Can Neighborhoods Be Revitalized Without Gentrifying Them? (xpost from GD) [View all]
http://www.thenation.com/article/trusting-baltimore-communities/
Last year, the death of Freddie Gray in police custody placed his neighborhood in a tragic spotlight, highlighting an all-too common urban misery: epidemic poverty, blighted lots, and shattered homes. Grays Baltimore has become notorious as the site of failed urban renewal projects, rife with liberal talking points but showing precious little progress in alleviating poverty and joblessness. Theres now a plan to generate change from the inside out, creating community housing as a source of collective healing.

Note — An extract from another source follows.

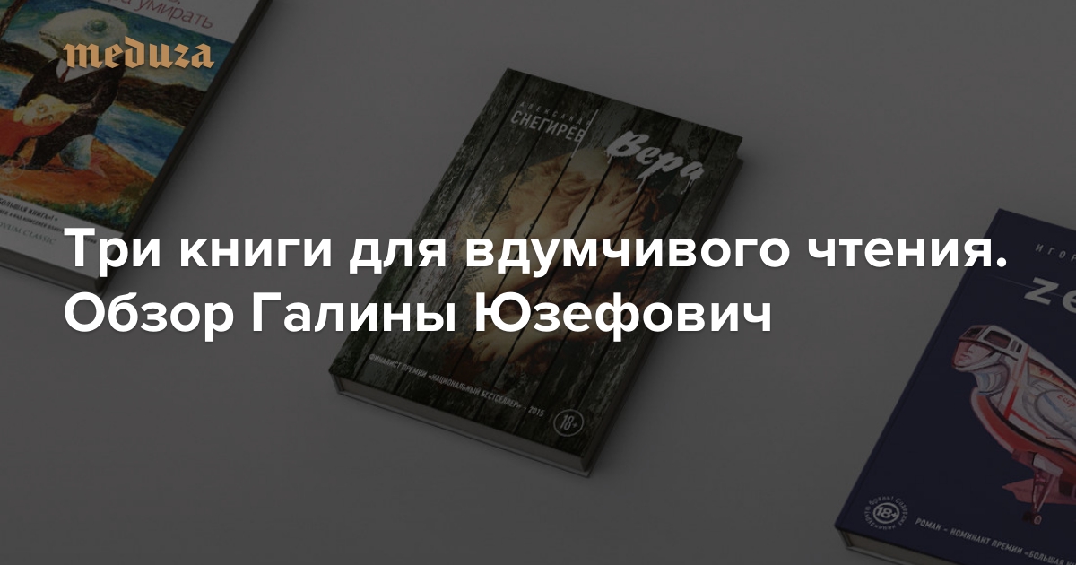 Литературный критик Галина Юзефович рассказывает на «Медузе» о самых интересных книжных новинках, изданных в России. В сегодняшнем обзоре — три романа трех относительно молодых российских авторов, явно рассчитанных на попадание в премиальные чарты и вообще — на вдумчивый читательский взгляд: «Zевс» Игоря Савельева, «Зачем жить, если завтра умирать» Ивана Зорина и «Вера» Александра Снегирева.

Facing a change in administration in pending elections, activists are pushing a plan before the City Council to devote about $40 million to housing development, not just to fix up vacancies or construct commercial towers but to overhaul neighborhoods through developing Community Land Trusts. As weve reported before, the idea would be to establish communally owned property under a democratic governance structure, which allows residents and the surrounding neighborhood to cooperatively manage land and property use.
Baltimore struggles with both massive abandoned vacancies and pockets of gentrification. Residents face tracts of sky-high rents alongside chronically neglected housing stock, dividing wealthy and impoverished areas. Now the Baltimore Housing Roundtable, a coalition of grassroots groups, envisions a plan to curb displacement and rationalize the twisted housing market. It sees joint ownership as a path to revitalizing community oriented housing....
Under the CLTs cooperative ownership structure, the resident owns the property, while the community retains the land. The resident pays an annual leasing fee, plus other mortgage and maintenance expenses. When the property is sold, price is controlled through a prearranged agreement with a community authority, with representation from neighbors and public stakeholders such as local officials or community-development organizations. The homeowner can share in any appreciation of the sales value.